→ **Task statement**: When the line containing "A detailed illustration" appears in the entries below, begin printing there and stop after the line containing "A CITY driving"; print each of those lines exactly and no other line.

→ **Data excerpts**:

= Beginning of Section =

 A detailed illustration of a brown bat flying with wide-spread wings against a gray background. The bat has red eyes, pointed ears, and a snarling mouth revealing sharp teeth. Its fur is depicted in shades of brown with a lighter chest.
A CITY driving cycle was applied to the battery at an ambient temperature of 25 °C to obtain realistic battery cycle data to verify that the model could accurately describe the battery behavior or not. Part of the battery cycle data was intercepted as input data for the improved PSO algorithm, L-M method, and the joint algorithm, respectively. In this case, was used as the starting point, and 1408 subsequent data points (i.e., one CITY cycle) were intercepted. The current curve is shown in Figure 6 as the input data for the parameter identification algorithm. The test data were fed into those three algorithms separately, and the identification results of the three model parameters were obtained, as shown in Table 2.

= End of Section =
= Beginning of Section =

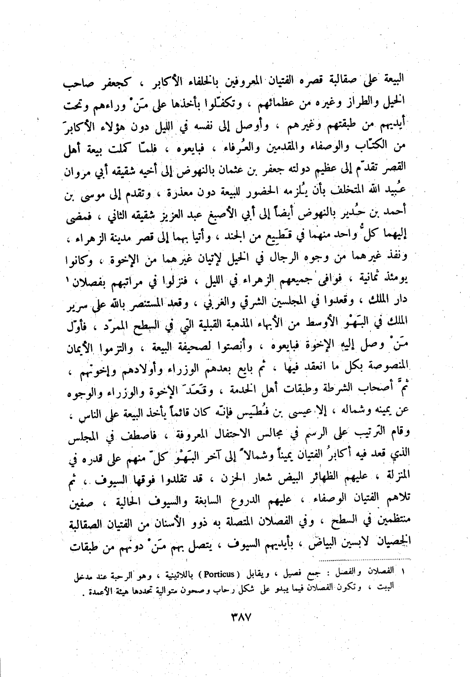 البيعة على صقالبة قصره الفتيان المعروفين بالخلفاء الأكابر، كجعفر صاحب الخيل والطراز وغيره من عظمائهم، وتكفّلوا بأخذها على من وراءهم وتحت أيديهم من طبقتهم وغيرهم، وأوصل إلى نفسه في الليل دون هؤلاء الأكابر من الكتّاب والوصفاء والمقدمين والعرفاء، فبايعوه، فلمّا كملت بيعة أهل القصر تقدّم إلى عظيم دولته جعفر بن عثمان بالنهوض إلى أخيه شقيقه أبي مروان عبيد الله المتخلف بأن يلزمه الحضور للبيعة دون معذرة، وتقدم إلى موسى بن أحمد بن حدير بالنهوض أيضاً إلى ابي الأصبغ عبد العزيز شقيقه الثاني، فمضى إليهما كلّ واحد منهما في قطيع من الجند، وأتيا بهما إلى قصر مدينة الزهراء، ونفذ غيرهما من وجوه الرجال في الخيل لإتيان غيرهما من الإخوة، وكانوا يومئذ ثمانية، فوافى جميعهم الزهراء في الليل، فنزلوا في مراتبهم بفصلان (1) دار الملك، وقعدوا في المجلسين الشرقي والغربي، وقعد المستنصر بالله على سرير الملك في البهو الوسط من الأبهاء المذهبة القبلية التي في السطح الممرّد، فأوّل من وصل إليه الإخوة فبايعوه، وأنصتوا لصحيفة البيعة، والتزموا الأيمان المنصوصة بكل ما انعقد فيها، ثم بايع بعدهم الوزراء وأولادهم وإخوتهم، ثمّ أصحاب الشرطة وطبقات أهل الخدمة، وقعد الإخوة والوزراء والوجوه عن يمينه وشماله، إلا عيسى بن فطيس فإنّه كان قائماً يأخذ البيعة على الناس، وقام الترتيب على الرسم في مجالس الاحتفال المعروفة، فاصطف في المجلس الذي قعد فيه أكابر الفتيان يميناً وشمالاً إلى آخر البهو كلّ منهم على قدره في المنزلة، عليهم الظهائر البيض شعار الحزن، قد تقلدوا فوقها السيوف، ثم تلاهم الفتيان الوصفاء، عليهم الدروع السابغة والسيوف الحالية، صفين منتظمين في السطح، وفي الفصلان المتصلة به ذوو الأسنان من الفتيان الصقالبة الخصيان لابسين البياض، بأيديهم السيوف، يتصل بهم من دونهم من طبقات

= End of Section =

→ **Answer to this problem**:
 A detailed illustration of a brown bat flying with wide-spread wings against a gray background. The bat has red eyes, pointed ears, and a snarling mouth revealing sharp teeth. Its fur is depicted in shades of brown with a lighter chest.
A CITY driving cycle was applied to the battery at an ambient temperature of 25 °C to obtain realistic battery cycle data to verify that the model could accurately describe the battery behavior or not. Part of the battery cycle data was intercepted as input data for the improved PSO algorithm, L-M method, and the joint algorithm, respectively. In this case, was used as the starting point, and 1408 subsequent data points (i.e., one CITY cycle) were intercepted. The current curve is shown in Figure 6 as the input data for the parameter identification algorithm. The test data were fed into those three algorithms separately, and the identification results of the three model parameters were obtained, as shown in Table 2.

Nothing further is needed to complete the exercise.